Tínhamos terminado as aulas, podíamos ir pra casa. No campus, pairava a melancolia do silêncio da tarde, e nós conversávamos futilidades. Ela disse que iria buscar alguma coisa em algum lugar e me chamou para irmos juntos. Entramos no prédio onde estudávamos. Subimos as escadas. Caminhávamos sozinhos pelo corredor. O sol escanteava-se por entre os prédios da cidade. O corredor estendia-se e já tínhamos percorrido um quarto do seu comprimento. E como nossos pensamentos confluíssem entre nós dois, telepaticamente, e as volúpias inflamassem nossos corpos e os magnetizavam, puxei seu braço e a beijei. Um ruído crescente tomou conta dos meus ouvidos. Não consegui aplacar a força tumultuosa das emoções; não houve distensão no ato. Como desmoronasse a razão, escutei o estrondo do abalo sísmico que atingira minha mente e o peso e a tensão do momento; me libertei das amarras da timidez e dos comedimentos sociais, mas não foi como voar, flutuar no espaço e deixar suspenso o espírito com a delicadeza dos amantes que, como penas, titubeiam no ar. Pelo contrário, mantive-me no chão, com o peso dos escombros da razão e de toda concretude da realidade. Mas fui correspondido.

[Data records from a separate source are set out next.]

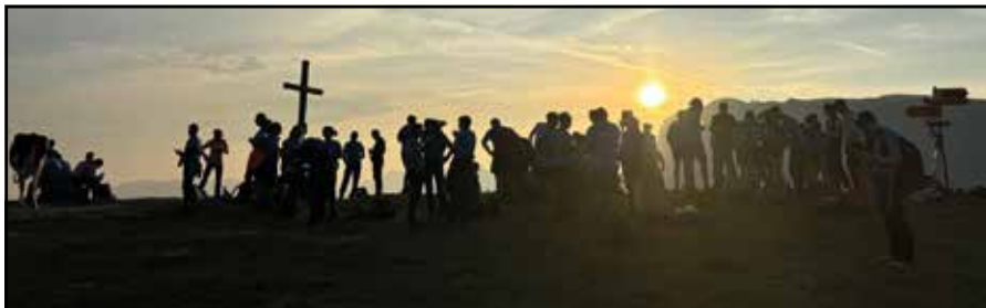
Lever de soleil, promesse d'un jour nouveau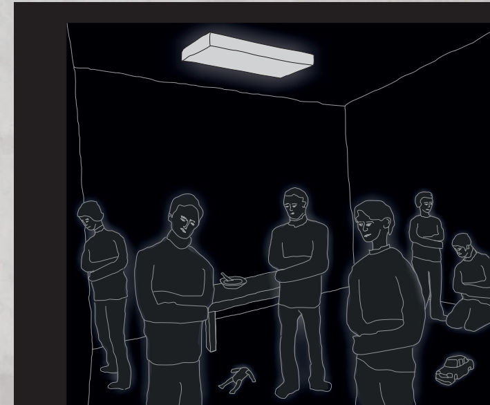
Die Situation von sechs jungen Menschen im Feierabend- und Pflegeheim in Hohenlanke Ende der 1980er Jahre

Die aus 13 Rollbannern bestehende Wanderausstellung zeigt das Leben von Kindern und Jugendlichen mit geistigen und körperlichen Behinderungen auf. Dabei werden vor allem ihre Unterbringung, ihre Betreuung, ihre Integration, die Bildungs- und Therapieangebote in staatlichen und konfessionellen Einrichtungen sowie die gegen sie gerichteten Zwangsmaßnahmen thematisiert. Ebenso wird die häusliche Pflege in den Blick genommen. Sechs Einzelschicksale dokumentieren die Lebenswelten von Mädchen und Jungen mit unterschiedlichen Behinderungen. Grundlegende Quellen dieser Ausstellung sind Sekundärliteratur, Publikationen aus der Schriftenreihe der Landesbeauftragten, Unterlagen aus dem Landeshauptarchiv und aus Privatarchiven sowie Zeitzeugeninterviews.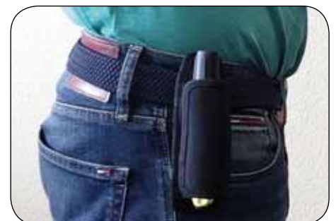
Holster um 360° drehbar, Artikel-Nr. B69-7271-A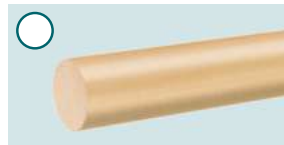
Ahorn, lackiert ■ 2000 mm, Ø 40 mm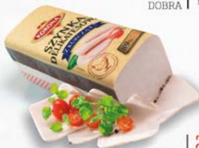
SZYNYKA DELIKATESOWA Z KURCZĄT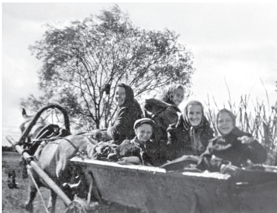
«Питерянцев» везут! (А телега, кстати, называется «грабарка»). д. Киндяково, 1950-е годы.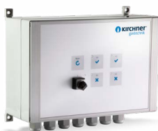
LABORSTEUERUNG LCU 200 ADWC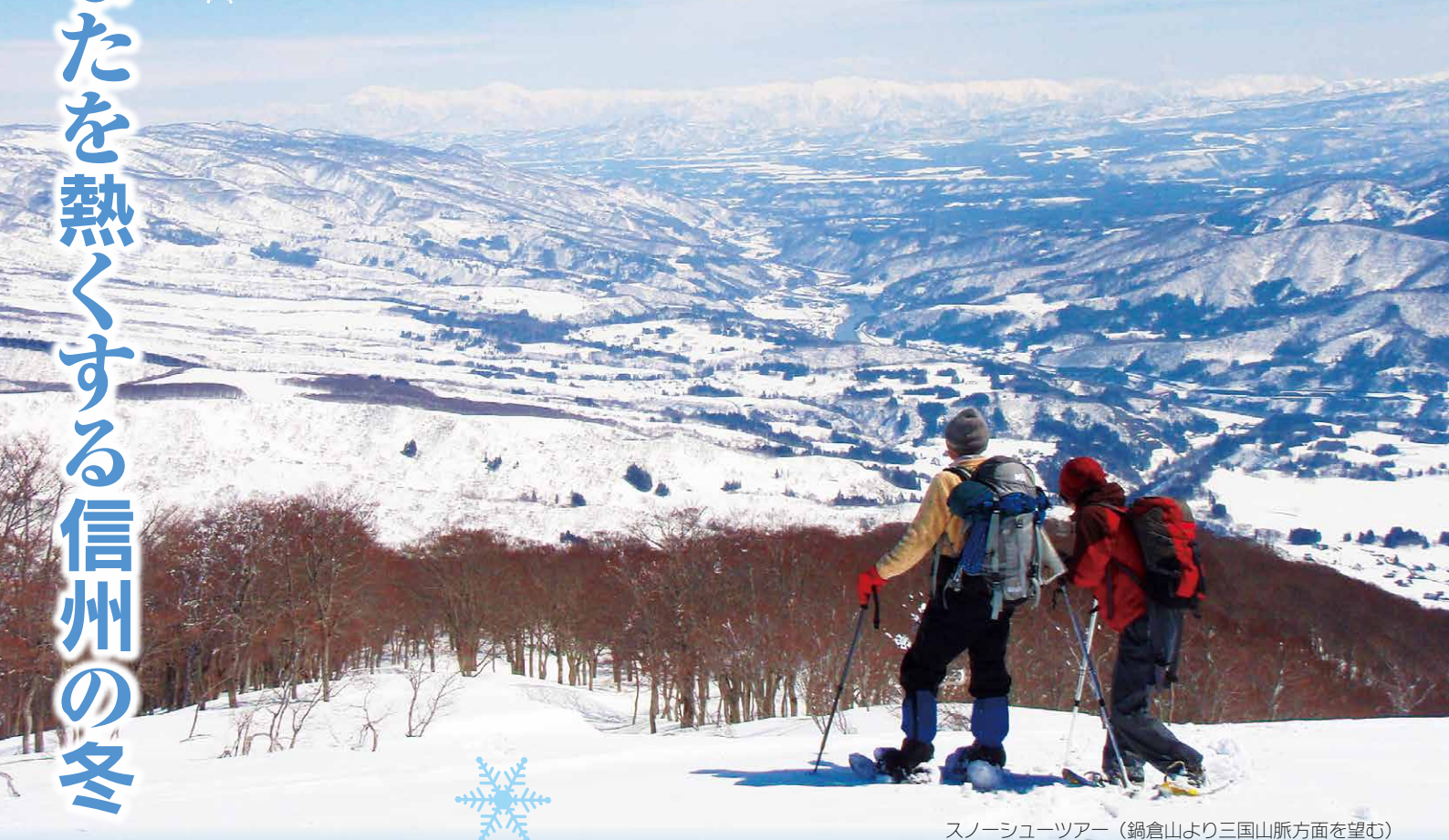
スノーシューツアー（鍋倉山より三国山脈方面を望む）

毎年多くの人でにぎわう全国有数のスノーリゾート 信州 多彩な冬のアクティビティ体験、冬季競技の未来のメダリスト育成など ホットな信州の冬から目が離せません

Como descarregasse de uma só vez todas as vontades, com o ímpeto de uma pulsão desmedida, um vômito irreprimível, desenfreado, me afastei dela aturdido. Ela mostrou um sorriso de consentimento, de conivência, de aprovação, de paixão, de desejo satisfeito. Não sei. Nunca se sabe. Ela me apanhou pelo braço, deslizou por ele, como na primeira vez em que nos tocamos, e me levou à sala mais próxima. Entramos e assim que a porta foi fechada, ela me beijou de novo. Com as carícias ávidas e afoitas, tentamos satisfazer a necessidade premente de nos tocarmos, de sentirmos a pele um do outro a cada milímetro, em cada célula, uma vontade de pairarmos na plenitude do corpo um do outro. Era uma ânsia insaciável, ofegávamos, beijávamo-nos, mas o desejo transbordava nos corações, e não sabíamos de onde vinha a fonte que nos abastecia as paixões. Puxei sua blusa, que deslizou corpo acima, enquanto ela levantava os braços. Desfiz a ideia de jogo de turnos e eu mesmo tirei minha camisa, enquanto ela se desfazia das calças. Depois, ela tirou as minhas calças, e levou junto o que tinha por baixo. Ela me conduziu até uma banca, num leve empurrão com as pontas dos dedos, e ajoelhou-se diante de mim.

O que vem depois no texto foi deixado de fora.